The Confuser, 2026, Robyn Hitchcock
Robyn Hitchcock torna con The Confuser, il suo 25° album solista in studio. Il disco raccoglie brani originali inediti ed è arrivato il 24 luglio 2026 per Tiny Ghost Records. L’album nasce a Nashville, nel Tennessee, dove Hitchcock ha lavorato con il produttore Brad Jones. La formazione comprende Jeremy Fetzer alla chitarra elettrica, Todd Bolden al basso ed Eric Slick alla batteria. Al progetto partecipa anche Kimberley Rew, storico compagno di chitarra di Hitchcock nei Soft Boys. Rew suona in cinque brani, aggiungendo un legame diretto con una delle prime fasi della carriera dell’artista.
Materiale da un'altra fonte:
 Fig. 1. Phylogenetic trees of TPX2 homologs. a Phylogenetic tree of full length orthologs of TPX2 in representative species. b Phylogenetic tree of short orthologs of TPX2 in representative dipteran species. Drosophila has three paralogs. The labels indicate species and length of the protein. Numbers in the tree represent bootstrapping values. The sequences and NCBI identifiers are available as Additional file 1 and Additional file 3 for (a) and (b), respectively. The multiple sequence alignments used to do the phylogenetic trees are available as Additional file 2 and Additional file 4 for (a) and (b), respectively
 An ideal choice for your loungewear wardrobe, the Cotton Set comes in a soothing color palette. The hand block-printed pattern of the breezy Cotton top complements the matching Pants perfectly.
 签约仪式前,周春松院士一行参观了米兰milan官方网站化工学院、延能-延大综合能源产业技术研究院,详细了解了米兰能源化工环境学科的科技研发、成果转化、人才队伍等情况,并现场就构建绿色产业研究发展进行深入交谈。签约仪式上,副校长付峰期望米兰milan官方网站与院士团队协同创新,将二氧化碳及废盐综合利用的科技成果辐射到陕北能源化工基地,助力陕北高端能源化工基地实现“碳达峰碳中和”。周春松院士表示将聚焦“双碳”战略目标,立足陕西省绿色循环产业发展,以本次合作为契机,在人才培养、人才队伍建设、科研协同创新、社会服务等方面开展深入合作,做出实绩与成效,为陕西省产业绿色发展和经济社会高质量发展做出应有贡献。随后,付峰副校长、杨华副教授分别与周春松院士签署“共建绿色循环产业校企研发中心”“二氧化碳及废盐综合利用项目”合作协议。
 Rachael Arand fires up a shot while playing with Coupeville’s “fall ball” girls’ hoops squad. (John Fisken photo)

La storia musicale di Robyn Hitchcock affonda le radici nella scena britannica della fine degli anni Settanta. Con i Soft Boys, il musicista ha contribuito a definire un modo personale di unire rock psichedelico, melodie pop e scrittura surreale. Nel corso della carriera solista, Hitchcock ha mantenuto una produzione costante. Il suo percorso comprende album molto diversi tra loro, ma conserva una linea riconoscibile. The Confuser si inserisce così in una discografia che ha attraversato diverse epoche. Il disco richiama, per impostazione e sensibilità, lavori precedenti come Element of Light del 1986 e Respect del 1993. La voce e la chitarra di Hitchcock restano al centro del progetto, con un approccio energico e una scrittura capace di alternare ironia, stranezza e riflessione.
Il nuovo lavoro si muove soprattutto nell’area del jangle rock. Le chitarre hanno un ruolo importante, mentre le melodie conservano una componente pop che rende il materiale immediato. Allo stesso tempo, l’album non rinuncia alla dimensione psichedelica che accompagna da tempo la musica di Hitchcock. Il risultato mette insieme chitarre brillanti, ritmi vivaci e atmosfere più sospese, senza rinunciare alla varietà. La produzione di Brad Jones contribuisce a tenere insieme queste diverse direzioni. Inoltre, la presenza di Kimberley Rew crea un dialogo tra passato e presente, soprattutto nei brani in cui le due chitarre si incontrano.
Il primo brano, I Am This Thing, parte con grande dinamismo. Hitchcock propone una scrittura rapida e ironica, costruita su giochi di parole e linee melodiche agili. Subito dopo arriva My Dead Astronaut. Il brano presenta inizialmente un tono leggero e surreale. Tuttavia, sotto questa superficie emerge una riflessione sulla morte di un esploratore dello spazio. Qui torna una delle caratteristiche più riconoscibili dell’artista. Hitchcock usa la musica per sviluppare immagini, idee e temi attraverso una prospettiva volutamente straniante.
Yesterday’s Rain mantiene una buona dose di energia. Il testo alterna spunti di riflessione e immagini insolite, mentre la voce si muove con un fraseggio particolare. Con Breathless, invece, il disco rallenta. Le chitarre assumono un tono più morbido e stratificato. Il brano costruisce così un’atmosfera sospesa, prima di lasciare spazio a Ghost in Sunlight. Anche quest’ultimo mantiene un andamento controllato. Poi, però, il pezzo cresce fino a un finale più ruvido e deciso.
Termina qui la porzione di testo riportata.